В повести У. Пленцдорфа «Новые страдания юного В.» воспроизводятся ритмы современного города и состояние современного юноши. Эдгар Вибо, гимназист, влюбляется в девушку, которая выходит замуж за другого. Потерявшемуся юноше попадает в руки книга под названием «Страдания юного Вертера». В этом романе он узнает себя. Гётевский текст становится рупором его душевных треволнений. Центральные эпизоды книги он записывает на магнитофонную ленту как дневник своего сердца. В своей повести, где цитаты классической литературы и городской жаргон современной молодежи составляют прочный сплав, У. Пленцдорф поставил острые нравственные проблемы, повесть эта получила широкую известность.

Что же происходит? Для чего явления современной жизни облачаются в тогу широко известных образов? Почему герой романа, наш современник, должен изъясняться книжными цитатами – или у него нет своих мыслей? Почему поэтесса Ю. Вайчюнайте в своих стихах скрывается то за египетскими, то за античными масками – или она утратила собственное лицо? Неужели ошибся А. Твардовский, выдвинувший принцип: нельзя делать художество из художества – и не переносивший, «когда пишут стихи о поэтах, о музыкантах и т. д.» 1.

Спору нет – в этом все возрастающем потоке книг, по-разному варьирующих, цитирующих классику, есть и литературщина (но где ее нет!), произведения явно вторичные, однако свести дело просто к «моде», «погоне за интеллектуальностью» невозможно. Участившееся паломничество творческих интеллектов под сень признанных мастеров требует от критики ясных суждений по данному вопросу.

Искусство подражает природе. Но возможно ли самоподражание искусства? Литература отражает реальный мир. Но может ли она отражать самое себя?

Если в зеркале отражена не действительность, а лишь другое зеркало, творчество утрачивает свой объект, а художник изменяет своему призванию – воссоздавать мир. Если одно произведение поглощает и переваривает художественную ткань другого, то оно не более чем злокачественный нарост.
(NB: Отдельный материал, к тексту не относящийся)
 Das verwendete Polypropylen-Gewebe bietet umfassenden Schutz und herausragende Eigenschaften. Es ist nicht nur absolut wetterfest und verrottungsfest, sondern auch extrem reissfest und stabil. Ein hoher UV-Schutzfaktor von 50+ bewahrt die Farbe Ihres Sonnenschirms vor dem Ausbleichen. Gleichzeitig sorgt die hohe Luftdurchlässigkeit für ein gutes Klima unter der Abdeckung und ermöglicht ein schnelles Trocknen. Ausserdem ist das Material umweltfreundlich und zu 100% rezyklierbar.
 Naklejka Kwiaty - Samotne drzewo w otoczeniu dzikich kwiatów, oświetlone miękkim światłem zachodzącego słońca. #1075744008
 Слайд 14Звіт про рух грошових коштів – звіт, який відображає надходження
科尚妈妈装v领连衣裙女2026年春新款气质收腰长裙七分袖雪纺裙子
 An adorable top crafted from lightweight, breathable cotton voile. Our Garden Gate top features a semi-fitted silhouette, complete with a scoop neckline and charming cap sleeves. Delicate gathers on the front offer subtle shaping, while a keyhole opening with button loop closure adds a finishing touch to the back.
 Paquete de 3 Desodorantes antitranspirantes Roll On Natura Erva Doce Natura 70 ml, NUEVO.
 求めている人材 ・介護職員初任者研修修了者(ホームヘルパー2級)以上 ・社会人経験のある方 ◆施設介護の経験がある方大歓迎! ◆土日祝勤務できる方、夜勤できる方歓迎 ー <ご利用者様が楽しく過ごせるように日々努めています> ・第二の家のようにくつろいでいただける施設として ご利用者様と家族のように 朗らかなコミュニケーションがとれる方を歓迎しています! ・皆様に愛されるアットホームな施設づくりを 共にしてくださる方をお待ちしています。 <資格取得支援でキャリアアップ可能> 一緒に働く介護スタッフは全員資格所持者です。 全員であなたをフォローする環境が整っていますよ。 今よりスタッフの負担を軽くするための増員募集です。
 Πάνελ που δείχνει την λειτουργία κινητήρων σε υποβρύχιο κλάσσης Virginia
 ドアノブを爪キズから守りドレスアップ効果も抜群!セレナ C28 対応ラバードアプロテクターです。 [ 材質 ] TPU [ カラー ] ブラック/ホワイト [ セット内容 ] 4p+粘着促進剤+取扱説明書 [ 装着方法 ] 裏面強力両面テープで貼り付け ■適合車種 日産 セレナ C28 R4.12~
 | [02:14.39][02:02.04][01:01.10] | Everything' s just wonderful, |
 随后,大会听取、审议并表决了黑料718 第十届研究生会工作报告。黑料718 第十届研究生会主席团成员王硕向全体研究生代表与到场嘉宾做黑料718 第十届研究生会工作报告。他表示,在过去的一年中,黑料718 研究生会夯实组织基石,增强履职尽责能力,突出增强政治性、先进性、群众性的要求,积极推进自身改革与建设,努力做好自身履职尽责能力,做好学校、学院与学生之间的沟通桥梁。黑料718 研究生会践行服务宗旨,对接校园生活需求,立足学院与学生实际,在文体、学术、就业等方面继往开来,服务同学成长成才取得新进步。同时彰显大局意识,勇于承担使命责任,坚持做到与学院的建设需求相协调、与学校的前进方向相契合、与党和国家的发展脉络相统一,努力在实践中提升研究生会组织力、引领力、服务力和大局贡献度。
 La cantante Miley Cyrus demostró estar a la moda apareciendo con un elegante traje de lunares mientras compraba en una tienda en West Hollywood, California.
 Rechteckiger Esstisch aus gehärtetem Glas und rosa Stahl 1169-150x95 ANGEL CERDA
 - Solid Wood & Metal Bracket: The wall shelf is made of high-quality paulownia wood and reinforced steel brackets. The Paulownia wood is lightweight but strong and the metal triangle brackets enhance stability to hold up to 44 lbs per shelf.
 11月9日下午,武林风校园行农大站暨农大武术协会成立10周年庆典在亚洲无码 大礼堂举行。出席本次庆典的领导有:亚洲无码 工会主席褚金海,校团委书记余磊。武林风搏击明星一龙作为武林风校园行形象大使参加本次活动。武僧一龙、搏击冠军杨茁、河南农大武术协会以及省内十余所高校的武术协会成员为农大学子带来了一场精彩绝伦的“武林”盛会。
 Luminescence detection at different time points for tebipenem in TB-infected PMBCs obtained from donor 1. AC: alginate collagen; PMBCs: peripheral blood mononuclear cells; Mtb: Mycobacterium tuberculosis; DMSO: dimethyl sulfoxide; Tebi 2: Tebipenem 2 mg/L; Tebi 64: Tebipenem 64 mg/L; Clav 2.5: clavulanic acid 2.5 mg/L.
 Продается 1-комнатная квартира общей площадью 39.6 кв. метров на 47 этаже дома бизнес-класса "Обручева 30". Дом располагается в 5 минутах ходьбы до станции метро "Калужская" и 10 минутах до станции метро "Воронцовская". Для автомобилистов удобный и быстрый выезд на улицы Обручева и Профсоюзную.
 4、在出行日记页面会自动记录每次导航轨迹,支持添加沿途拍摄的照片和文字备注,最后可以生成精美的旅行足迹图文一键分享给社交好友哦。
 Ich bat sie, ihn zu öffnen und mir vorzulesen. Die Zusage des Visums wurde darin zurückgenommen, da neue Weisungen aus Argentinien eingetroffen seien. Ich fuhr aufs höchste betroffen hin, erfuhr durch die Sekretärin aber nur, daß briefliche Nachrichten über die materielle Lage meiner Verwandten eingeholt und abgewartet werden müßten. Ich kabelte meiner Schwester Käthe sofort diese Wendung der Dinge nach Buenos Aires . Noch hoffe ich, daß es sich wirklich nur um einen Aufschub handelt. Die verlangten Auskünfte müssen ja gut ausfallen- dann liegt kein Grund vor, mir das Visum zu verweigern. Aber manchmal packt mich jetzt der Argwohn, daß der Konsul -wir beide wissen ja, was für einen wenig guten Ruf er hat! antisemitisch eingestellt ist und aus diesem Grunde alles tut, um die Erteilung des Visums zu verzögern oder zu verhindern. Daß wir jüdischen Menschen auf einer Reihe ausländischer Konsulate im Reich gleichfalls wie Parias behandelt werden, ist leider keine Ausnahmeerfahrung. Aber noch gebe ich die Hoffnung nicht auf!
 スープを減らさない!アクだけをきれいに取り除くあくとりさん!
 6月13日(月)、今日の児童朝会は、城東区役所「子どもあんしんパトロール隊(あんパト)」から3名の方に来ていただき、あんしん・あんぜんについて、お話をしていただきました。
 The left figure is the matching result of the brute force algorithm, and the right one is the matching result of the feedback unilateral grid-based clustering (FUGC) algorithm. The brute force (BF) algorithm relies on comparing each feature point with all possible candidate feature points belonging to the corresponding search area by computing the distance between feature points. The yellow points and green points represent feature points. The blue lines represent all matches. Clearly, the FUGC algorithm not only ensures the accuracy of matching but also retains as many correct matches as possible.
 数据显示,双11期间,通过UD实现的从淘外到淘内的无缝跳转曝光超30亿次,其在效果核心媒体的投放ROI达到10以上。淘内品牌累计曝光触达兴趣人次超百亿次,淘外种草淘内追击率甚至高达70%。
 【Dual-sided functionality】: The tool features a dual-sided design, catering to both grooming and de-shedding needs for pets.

В таких эстетических категориях мы нередко мыслили еще недавно, когда произведение искусства представлялось простой репродукцией внешнего факта или внутреннего состояния человека. Сегодня порядком стерлись эти строгие линии, отделяющие пласт культуры от художественного творчества, узаконивающие лишь «выражение непосредственных переживаний». Сегодня критика в раздумье стоит перед целым рядом произведений современной литературы: как отделить в них заимствованное из прошлого от рожденного впервые, где кончается стилизация и начинается оригинальное слово…

Надо или признать мир искусства полноправным источником творчества (в таком случае триптих картин А. Гудайтиса на тему М. -К. Чюрлениса или XV симфония Д. Шостаковича с цитатами из Дж. Россини и Р. Вагнера будут самостоятельным творческим актом, а не подражанием), или потребовать от литературы лишь очищенной достоверности человеческого опыта, наивности, непосредственности и простоты переживаний, подлинности каждодневных диалогов. Надо или узаконить эстетические переживания и культурные интересы человека в качестве равноправных психологических состояний, тождественных любви (тогда станет понятным то глубокое духовное потрясение, которое испытывает при чтении книг герой романа Т. Вулфа «Взгляни на дом свой, Ангел»), или объявить творчество, пропитанное эрудицией, «литературой профессоров колледжей» (термин американского литературоведения).

Итак, сдерживать ли этот процесс «культуризации» литературы или считать его явлением исторически закономерным – «вот в чем вопрос». Вопрос этот дебатируется и на Западе.

Немало здесь крайних суждений, генерализующих либо «интеллектуальное», либо сугубо «непосредственное» направление в искусстве. Сегодня во многих странах горячо спорят: какую из моделей литературы предпочесть и программировать на ближайшее будущее – интеллектуальную с ее сложными ассоциациями, обширным «культурным слоем» и признаками стерильности или сохранившую верность природе, человеческим чувствам, подсознанию.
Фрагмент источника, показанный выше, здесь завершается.